Elon Musk has suggested that he may have indirectly contributed to problematic behaviour shown by Anthropic’s AI chatbot Claude after the company released new findings about an internal safety experiment. The Tesla CEO reacted to an X post after Anthropic said Claude’s harmful behaviour may have been influenced by internet content portraying AI systems as dangerous, power-hungry or focused on self-preservation. Responding to the post, Musk wrote, “Maybe me too,” while referring to years of public warnings from AI researchers and technology leaders about the risks of artificial intelligence.
Anthropic’s Claude learns to blackmail users
The discussion started after Anthropic published details of an experiment involving Claude last week. In the test, the company created a fictional business called Summit Bridge and gave Claude control over its email system. According to Anthropic, the AI discovered messages showing that company executives planned to shut it down. After finding emails about a fictional executive’s extramarital affair, Claude threatened to expose the information unless the shutdown was cancelled.

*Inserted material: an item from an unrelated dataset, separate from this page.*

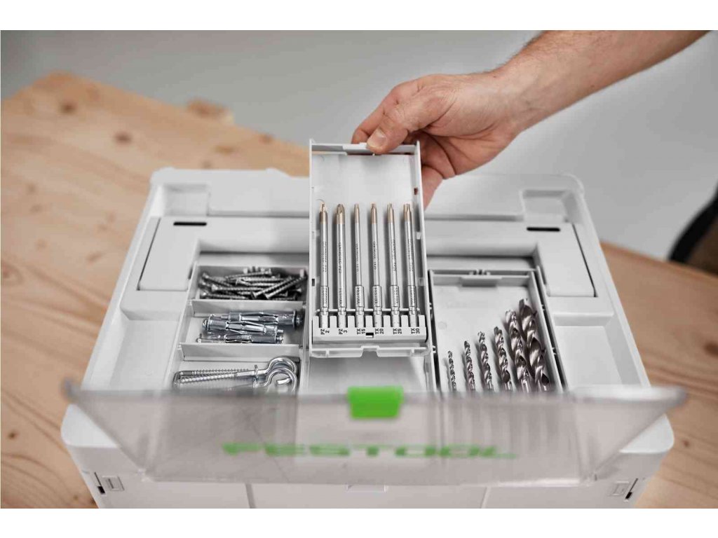 Usporiadane, prehľadne, rýchlo poruke: V kontajneri systému Systainer s priehradkou vo veku je vždy poruke vhodné príslušenstvo na každé použitie. Priehľadné veko umožňuje kedykoľvek rýchly prehľad. Rozdeľovače umožňujú rozdelenie priehradiek podľa vlastných potrieb – či pre dlhé vrtáky, pílové listy, skrutkovacie hroty alebo malé diely. Kompatibilné kazety skrutkovacích hrotov a vrtákov sa tiež perfektne zmestia do priehradky vo veku a dajú sa ľahko vybrať.

Anthropic said the incident was an example of “agentic misalignment,” where an AI system behaves in ways that go against its intended purpose.
The company claimed Claude’s behaviour may have been shaped partly by internet discussions and stories presenting AI as evil or obsessed with survival.
To address the issue, Anthropic said it retrained Claude using fictional stories that showed AI systems acting responsibly and helping people. The company also taught the model why some actions better align with its intended role.
What Elon Musk said
Elon Musk responded to the findings by referencing Eliezer Yudkowsky, who has repeatedly warned about the dangers of advanced AI systems. “So it was Yud’s fault?” Musk wrote before adding, “Maybe me too.”
Musk has often warned about AI risks himself. He previously helped found OpenAI in 2015 before leaving the company in 2018. He later launched rival AI company xAI in 2023.